| WHAT THE TASK ASKS |
What must be handed in is the entire listing, exactly as written, with no pictures.

| AVAILABLE DATA |
::::::::::
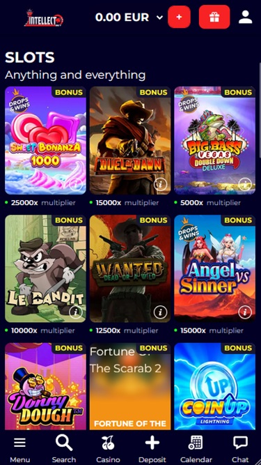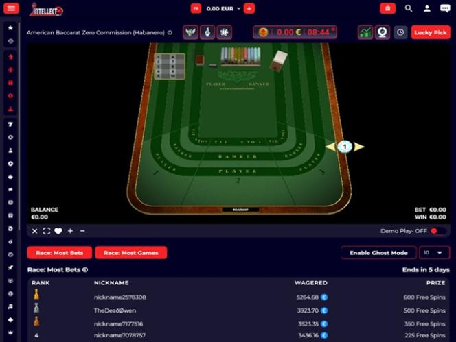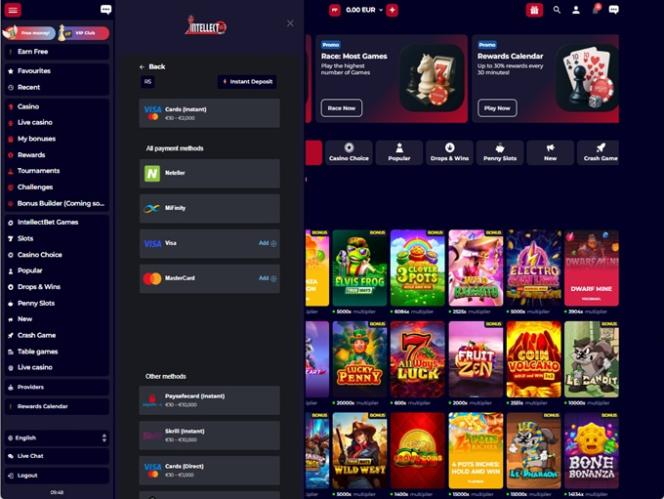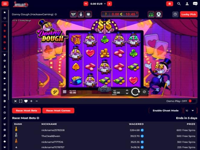 في هذا الجانب، لم يُخيب مُشغِّل الكازينو الآمال. يُقدِّم الكازينو مجموعةً غنيةً من الألعاب الشيقة والمتنوعة. وقد حرصت IntellectBet على ترفيه اللاعبين بسهولة، مع احتماليةٍ شبه معدومةٍ للملل. ولا يقتصر الأمر على المؤثرات البصرية والشكل الجذاب فحسب، بل نذكر أيضًا سهولة التصفح، والتسجيل السريع والمباشر، والعروض الترويجية المُثيرة ، وغيرها الكثير.
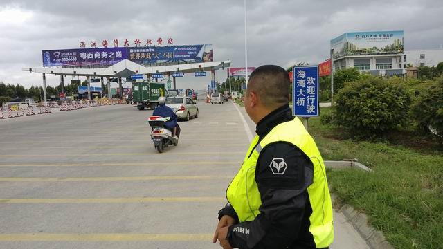 湛江海湾大桥,放水抽烟观察收费站
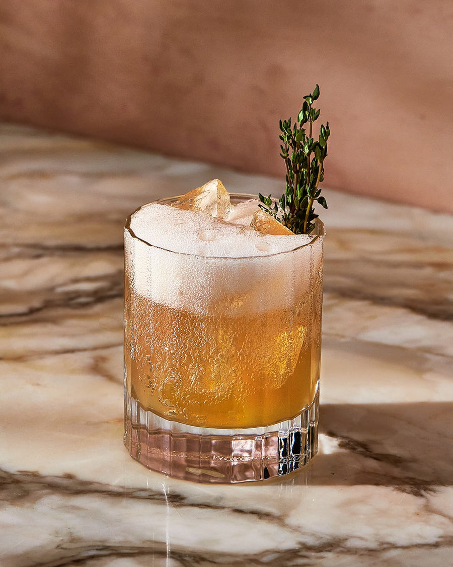 Bring it all together in a lowball glass over ice. Stir gently and garnish with thyme sprig.
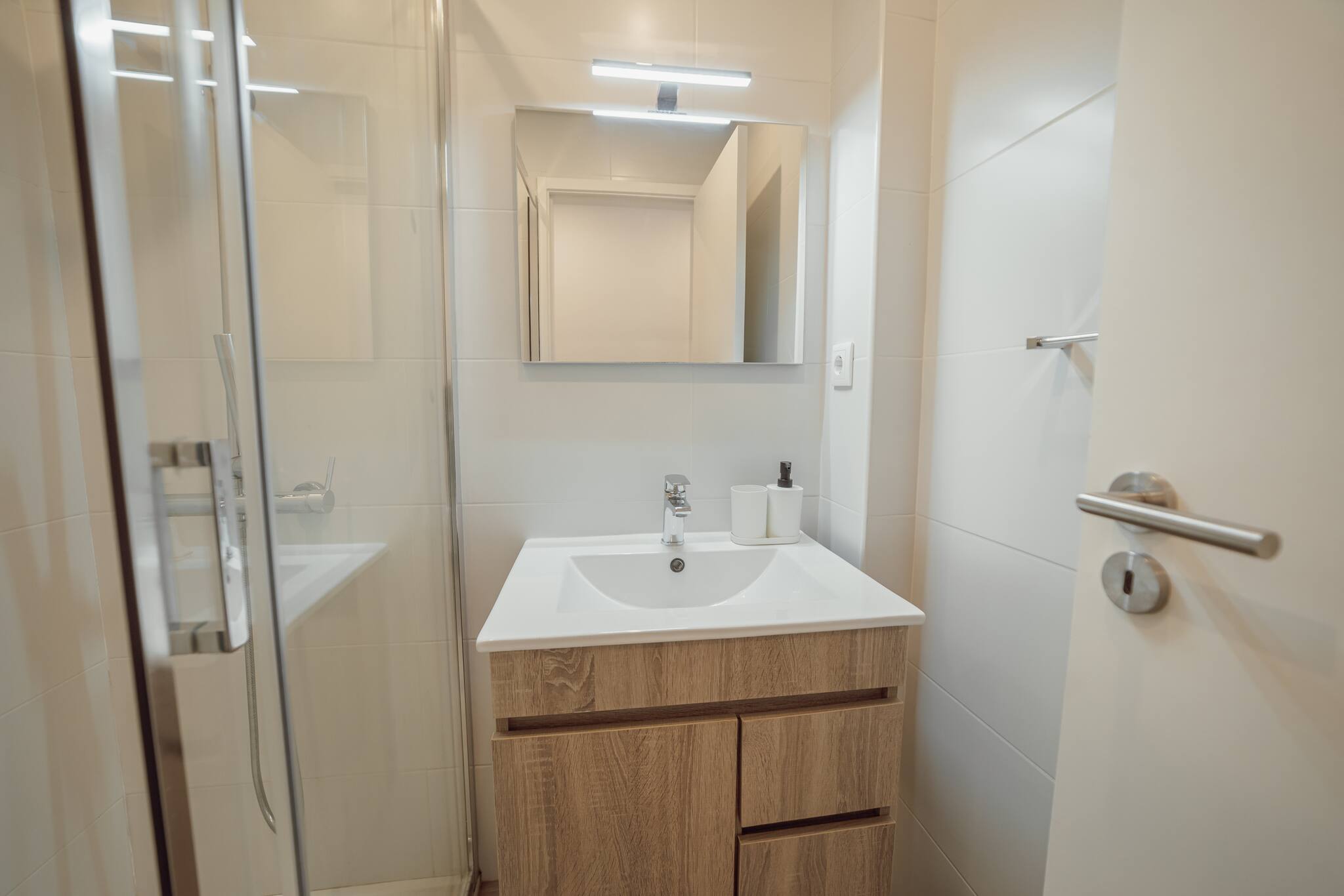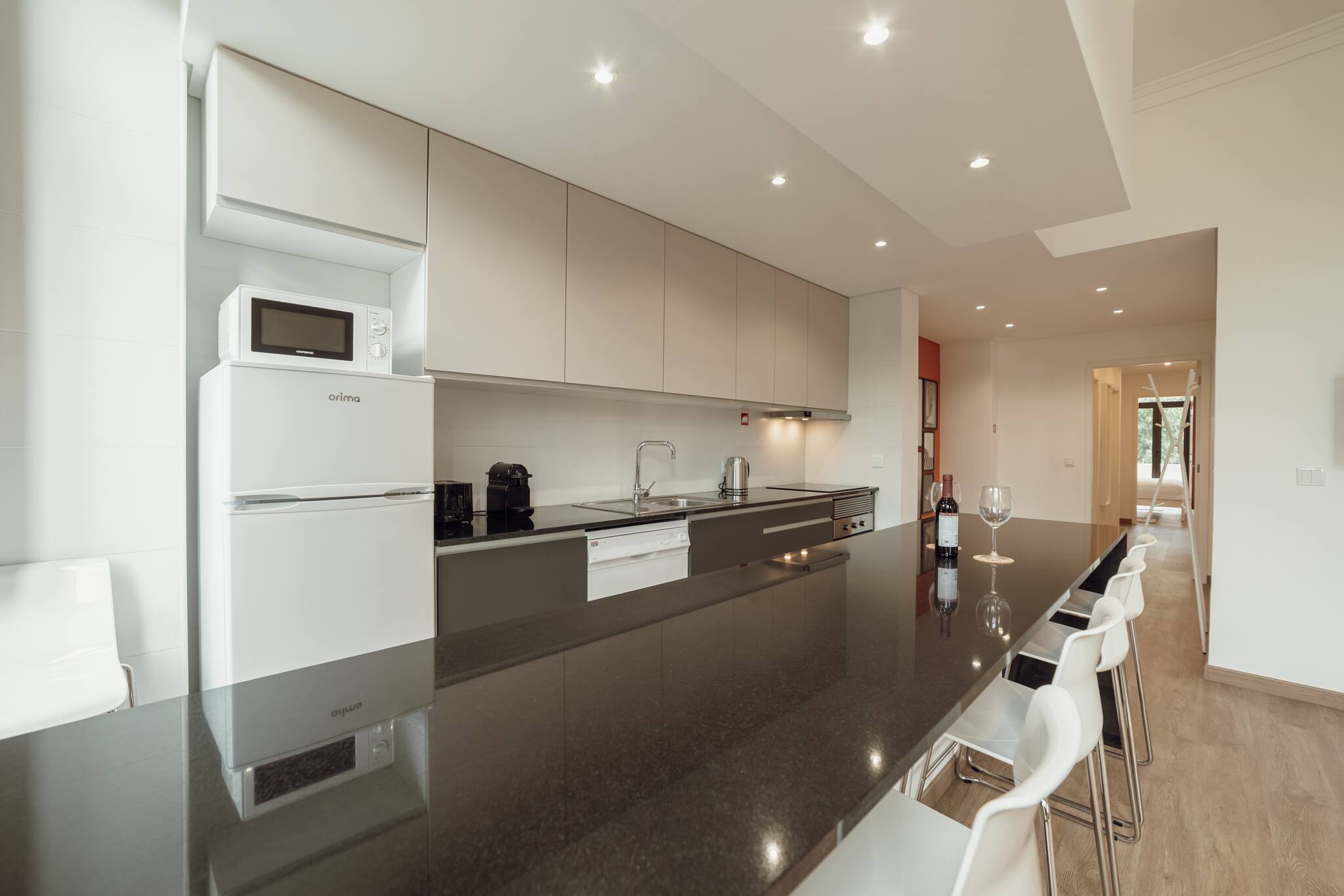 A cozinha em ilha, com conceito americano, é totalmente equipada com máquina de lavar louça e máquina de café, ideal para refeições práticas ou um café relaxante. Para o seu entretenimento, o apartamento conta com TV e Wi-Fi de alta velocidade.
::::::::::
| WRITTEN ANSWER |
 في هذا الجانب، لم يُخيب مُشغِّل الكازينو الآمال. يُقدِّم الكازينو مجموعةً غنيةً من الألعاب الشيقة والمتنوعة. وقد حرصت IntellectBet على ترفيه اللاعبين بسهولة، مع احتماليةٍ شبه معدومةٍ للملل. ولا يقتصر الأمر على المؤثرات البصرية والشكل الجذاب فحسب، بل نذكر أيضًا سهولة التصفح، والتسجيل السريع والمباشر، والعروض الترويجية المُثيرة ، وغيرها الكثير.
 湛江海湾大桥,放水抽烟观察收费站
 Bring it all together in a lowball glass over ice. Stir gently and garnish with thyme sprig.
 A cozinha em ilha, com conceito americano, é totalmente equipada com máquina de lavar louça e máquina de café, ideal para refeições práticas ou um café relaxante. Para o seu entretenimento, o apartamento conta com TV e Wi-Fi de alta velocidade.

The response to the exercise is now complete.